Based on the sequence homology with Chlamydomonas reinhardtiii proteins, several human orthologs have been assigned to outer and inner dynein arms (Pazour et al. 2005). The largest cluster in our analysis (cluster A) included genes encoding for proteins predicted to be part of outer dynein arms, like DNAH9, DNAI1 or DNAI2. Inner dynein arms were represented in this cluster by DNAH7, DNAH3, DNAH2, and WDR78. A number of known outer and inner dynein arm genes showed extremely low levels of expression and did not pass the filtering steps (DNAH14, DNAH17, TXNDC3 and DNAH8). DNAH6 and DNAH1 were not classified in our cluster A although they followed very similar expression patterns. DNAH5 and DNAH11 followed a different pattern of expression. Cluster A contained two genes known to be involved in building radial spoke complexes (RSHL3 and RSPH10B), four intraflagellar transport proteins (IFT140, IFT172, IFT57, IFT74) and three genes coding for cytoplasmic dyneins (DYNC2LI1, DYNLL1, DYNLRB2), which play a role in the retrograde transport in the flagella in Chlamydomonas. Thirty-eight genes from cluster A have been shown to be mutated in human diseases and have entries in the OMIM database, including genes mutated in ciliopathies, such as Bardet–Biedl syndrome (BBS4, BBS5, BBS11), Meckel–Gruber syndrome (MKS1), nephronophtisis (NPHP1, NPHP2, NPHP3) and PCD (DNAI1, DNAI2, RSPH4A, RSPH9, LRRC50). Cluster A also contains two limb–girdle muscular dystrophy genes (FUKUTIN, TRIM32), one of which is also mutated in Bardet–Biedl syndrome (TRIM32), and three genes associated with retinitis pigmentosa (PDE6B, Pronin and RPGR). RPGR is known to cause a complex phenotype with both retinitis pigmentosa and PCD in some patients (Moore et al. 2006).

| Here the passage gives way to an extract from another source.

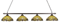 Collection: Square, Material: Steel, Finish Color: Bronze, Width: 16", Height: 12", Length: 76.75", Chain Length: 120", Lamping Type: Incandescent, Number Of Bulbs: 4, Wattage: 150 Watts, Dimmable: No, Moisture Rating: Dry Rated, Desc: Square 4 Light Bar Shown In Bronze Finish With 16" Amber Dragonfly Art Glass,

The ciliary proteome has been studied extensively using different high-throughput methods, including mass spectrometry proteomic studies and comparative genomics. All studies, but one (Ostrowski et al. 2002) were performed in lower organisms and required a Blast search to identify possible human orthologs. Our ciliary set is based on the human transcriptome data, and this is one of our study’s strengths. Our dataset, however, might contain false-positive genes that matched the ciliary pattern by chance or are related uniquely to a pathology present in PCD. We based our prediction exclusively on PCD patients’ cells, what also limits our dataset to that part of a ciliary puzzle altered by this particular disease process.

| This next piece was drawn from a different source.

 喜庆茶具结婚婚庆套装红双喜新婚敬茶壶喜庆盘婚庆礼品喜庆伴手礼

PCD is a highly heterogeneous disorder, for which nine genes are known to be mutated. Yet, in the majority of patients, the causative genes remain undiscovered. Our gene set could be considered a list of PCD candidate genes. Because one of the PCD loci is on chromosome 19q (Meeks et al. 2000; Blouin et al. 2000) and we found three genes (CACNG6, C19ORF51 and AURKC) from our cluster that map to this region, they might well be considered disease candidate genes. A 1-bp deletion in the aurora kinase c gene (AURKC) has been associated with male infertility characterized by large-headed, multi-flagellar, polyploid spermatozoa, what makes this gene an interesting candidate for further investigation in PCD patients (Dieterich et al. 2007).

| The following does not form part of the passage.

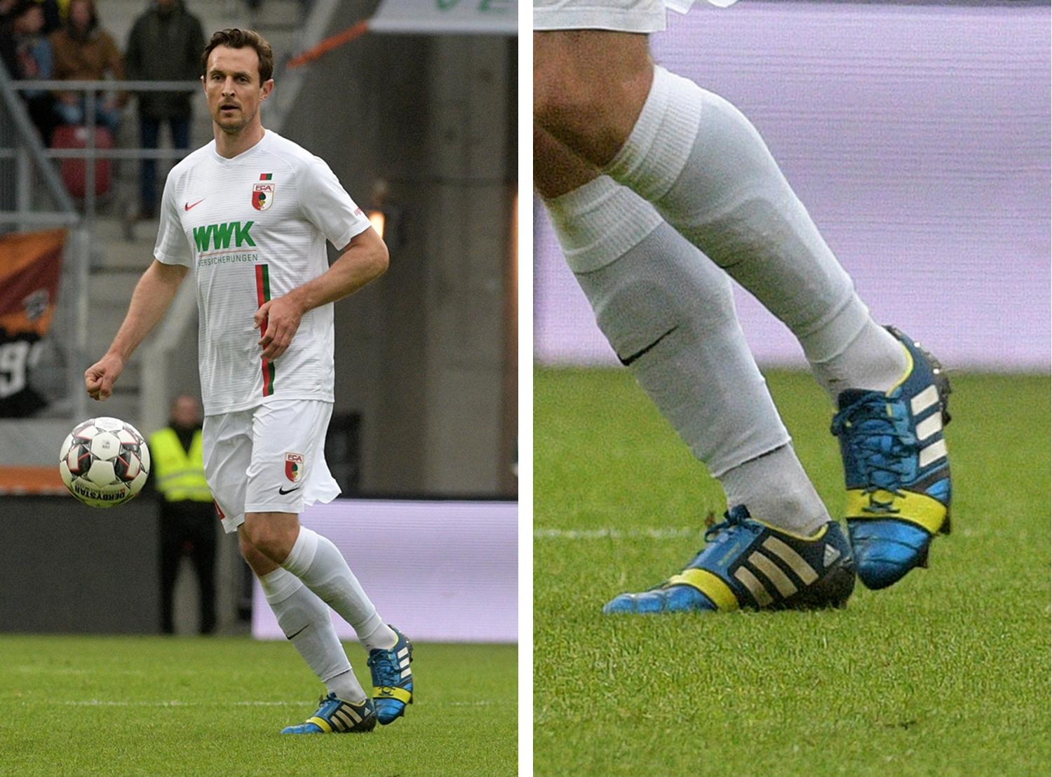 在上周末的德甲赛场上,奥格斯堡与柏林赫塔两队上演了一场进球大战。最终柏林赫塔4比3战胜奥格斯堡,从客场带走三分。虽然输球,不过奥格斯堡阵中几位球员脚上的球鞋还是值得我们好好关注下,比如穿着这双adidas Nitrocharge 1.0足球鞋的克里斯托夫·扬克尔。

The expression of cluster A genes was not highly correlated in the control samples. We observed a disease-specific pattern of expression for 372 functionally related genes. This phenomenon occurs in response to the mutation of a single gene, but most probably not the same gene in each patient studied, since PCD is a genetically heterogeneous disease. It indicates that information from the cytoplasm of the PCD epithelium, where cilia are misassembled (Fliegauf et al. 2005), is transferred to the nucleus and transformed on the genomic level into a regulatory signal altering expression of ciliary genes. Our results show how a monogenic disease affecting multi-protein complexes can be used to study more complex genomic networks.

In conclusion, we identified a group of 208 new cilia-related genes. This list of genes provides candidate genes for PCD and other ciliopathies.